Kylie watched him, entranced, until it finally hit her, just what her mother had said. Had Kylie even finished saying Linc’s name? How did her mom do that? Sometimes, her mom’s psychic connection to her daughter was completely freaky. Or maybe her mom had a psychic connection to Linc.
The very first time she met him, she’d practically jumped into his arms and proposed on Kylie’s behalf. Then she’d proceeded to tell him all about Kylie’s lack of love life. Embarrassing? Hell yes.
Hmmm. Would she risk a replay of that embarrassment for epic lasagna? It was a close call.
“I’ve got to go,” Kylie murmured as he started to open the door, pulling the phone from her ear.
“Is that a yes or a no?” rushed out of her mom’s mouth before Kylie could end the call.
“It’s an, ‘I’ll call you back,’” Kylie said, hanging up and wiping her chin discretely to make sure it was dry. She fluffed her hair, sat up straight, and tried to act as if the movement didn’t cause her a little twinge of pain.
“Why, hello stranger,” she said when he appeared, cringing as she realized all her efforts to sound sexy just made her sound like a goober.
But him? With hi
s muscles bulging beneath the arms of his rolled-up denim shirt, which was open at the throat a little to reveal a flash of his hard pecs… He was sex. Pure, blatant sex.

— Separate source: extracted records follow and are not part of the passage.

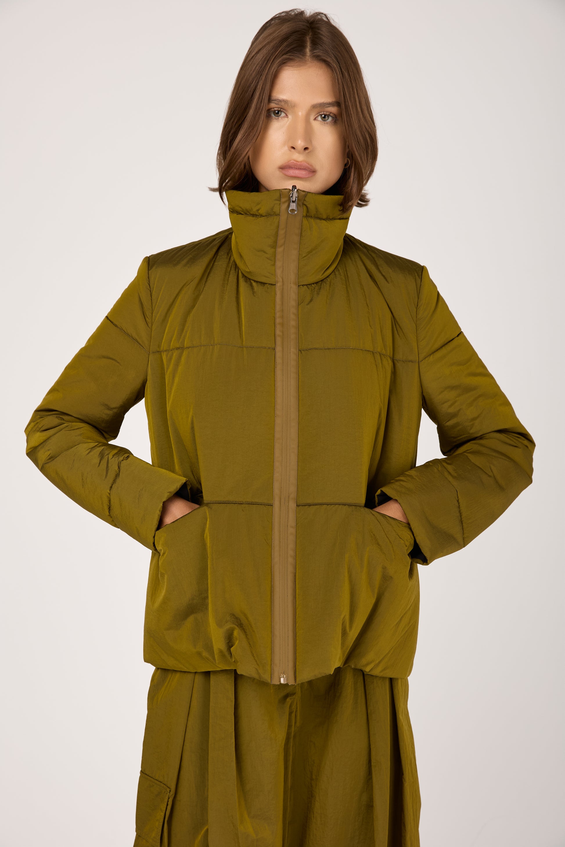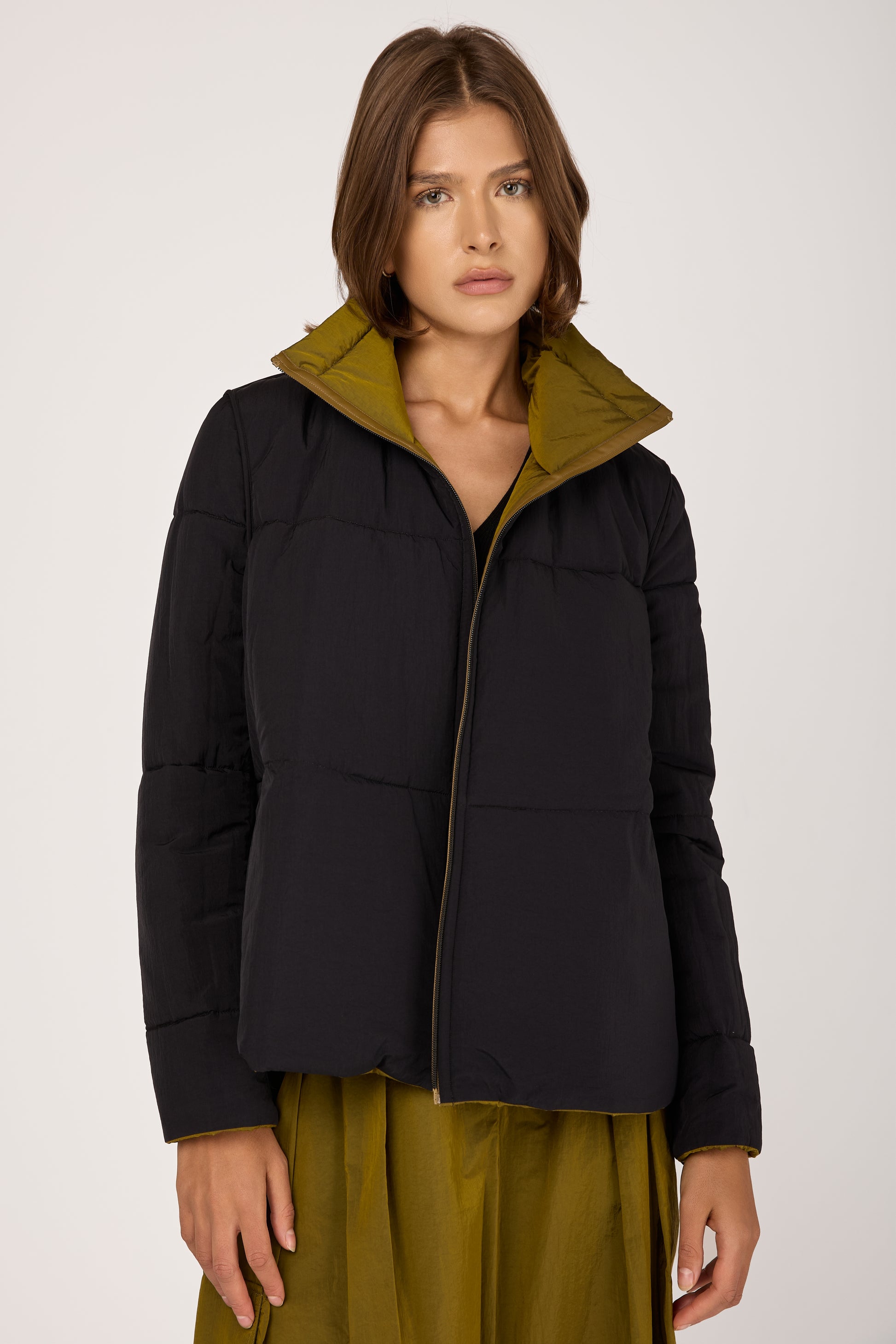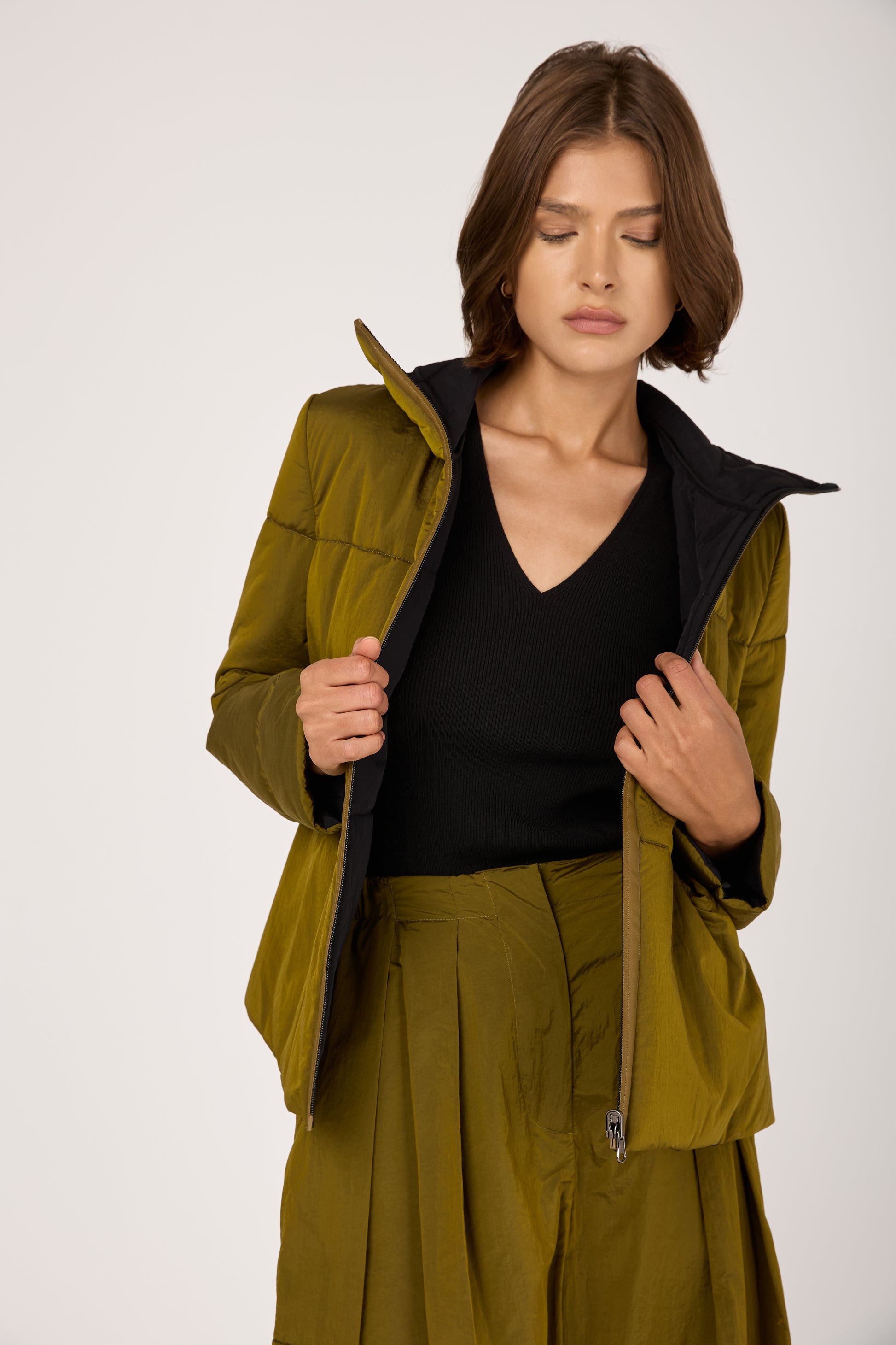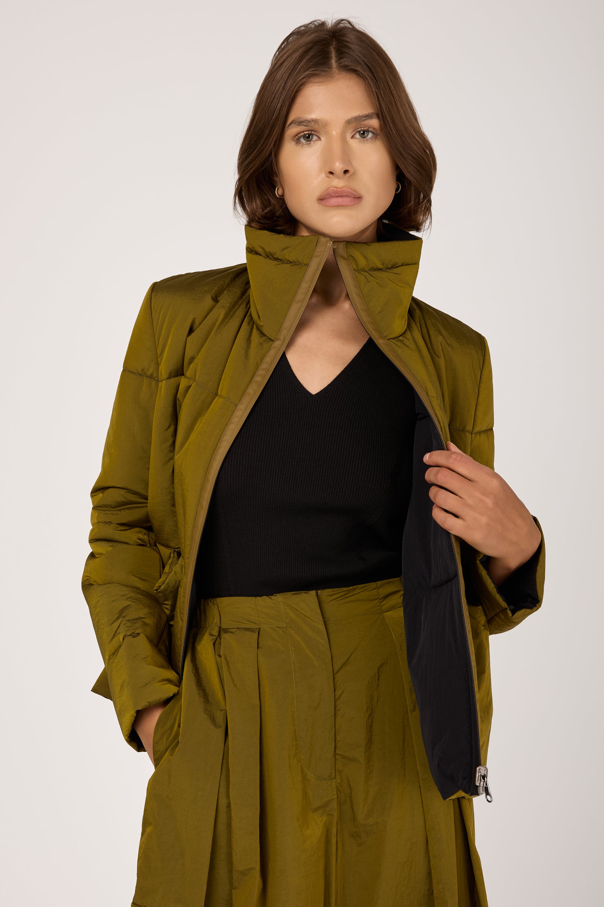 The GENTRYPORTOFINO Reversible Puffer Coat in Oliva is crafted in Italy with meticulous attention to detail. This padded woven coat features subtle quilting, a stand collar and a clean front zip for a modern, minimalist look. Its reversible design, olive on one side and black on the other, adds versatility, while lightweight padding ensures warmth and comfort, making it a versatile piece from day to evening.Ā
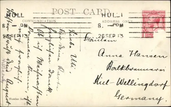 Zustand, siehe Scan, gelaufen, 1913 - ca 14 cm X 9 cm
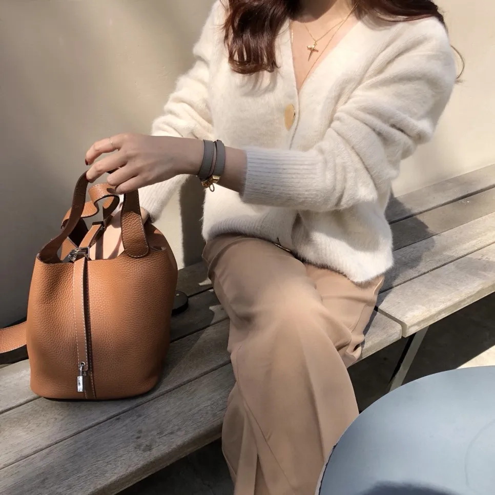 тёплый, мягкий. но белый кардиган меньше, чем кофейный.

God, how the hell did he do that to her? How the hell did he get better and better looking every day?
3
Linc had made a massive mistake.
He’d known it three days ago, the very moment he made his confession to Kylie in the throes of postcoital stupidity that he shouldn’t have said it. One minute, she was looking smoky and satisfied and happy as hell after a good hot round of sex on a bale of hay, and the next…she’d been terrified.
And why? Because he’d stupidly told her that he wanted to make her a more permanent fixture in his life.
Also why?
He wasn’t good with relationships. In fact, he was shit at them. Hadn’t had a real serious girlfriend since college, and things hadn’t changed. There was a reason he’d spent the past few years since Syria in the company of dogs. He had a hard time relating to humans. Female humans, especially, unless it was a quick one-night stand.
He only had one excuse for himself. After they’d had sex in his barn, Kylie had been so cute, confessing all these little things to him, and it’d only felt natural to confess something of his own.
But did he have to drop such a massive bomb and spook her like that?
Hell, he’d spooked himself. Badly.
So badly he hadn’t spoken to her in three days. Which just made him an asshole. He knew it, but since he was shit at communicating his feelings—outside of postcoital stupidity apparently—he’d found it easier to just work from dawn to dusk and not think about much else.
Except he hadn’t been able to get her off his mind.
He didn’t know why he’d expected her to jump into his arms and share a happily-ever-after kiss with him. He’d gotten it in his head that she was into mating, into forever, and that she was just waiting for him to declare it.